Charles Simic nos recordó que se acercaba la época de los poetas menores. De alguna forma veía venir este tiempo de líderes sin grandeza. Es un tiempo mediocre que mientras pasa dejará secuelas imborrables y heridas abiertas para siempre. Quizás sea la literatura, una vez más, la que nos permita recuperar un lenguaje que nos permita entendernos por encima del algoritmo y la inmediatez. Allí, la poesía de siempre le devolverá la dignidad a las palabras que fundan los relatos compartidos y los pactos de convivencia. Los Wayuu, por ejemplo, creen en el carácter sagrado de la palabra y saben que solo a través de la palabra y de quién ejerce ese oficio que es el Palabrero se pueden llegar a acuerdos, a mediaciones. El Palabrero es el portador de la sabiduría que da la palabra y el que lleva a su comunidad a la reconciliación. 

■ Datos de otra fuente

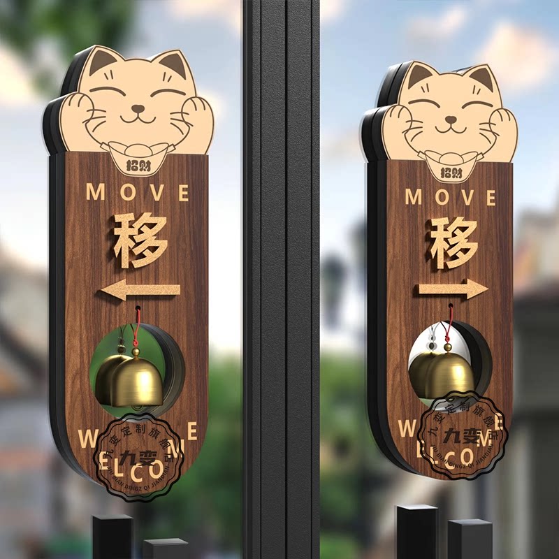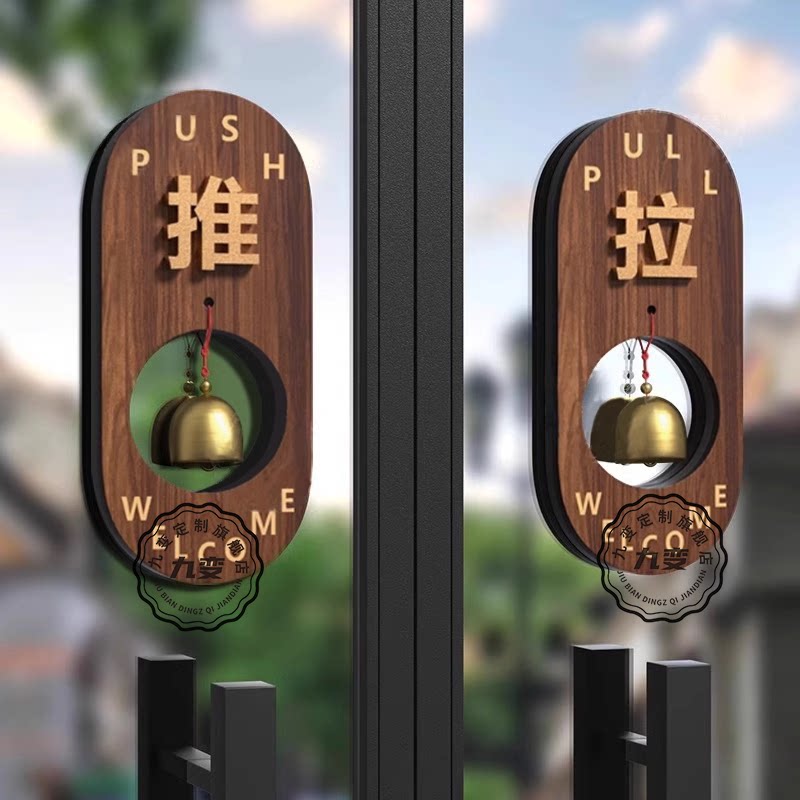 📚 推拉门贴门拉贴亚克力创意玻璃门上拉字标识牌开门提醒铃铛酒店宾馆店铺左右移门门牌欢迎光临温馨标志牌定制

En el desorden de estas ruinas de la civilización que fuimos, en medio de esos escombros, debemos volver a las palabras esenciales. En este tiempo de líderes mediocres y altisonantes, la literatura es una vez más la verdadera casa de las palabras, la moneda de siempre que nos permitirá seguir sobreviviendo a pesar de nosotros mismos. Mientras tanto, los planetas no nos juzgan, tan solo esperan y a la vez traemos de vuelta esos versos del gran poeta italiano Salvatore Quasimodo: “Cada uno está solo sobre la faz de la tierra / atravesado por un rayo de sol / y en seguida anochece”.  Pero todavía no es de noche. Aún no, a pesar de todo.  Mientras existan las palabras y la poesía las llene de dignidad, habrá la posibilidad de persistir en el diálogo y en recuperar, así sea un poco, algo de la grandeza perdida en el mundo Antes de que anochezca, mientras los planetas esperan.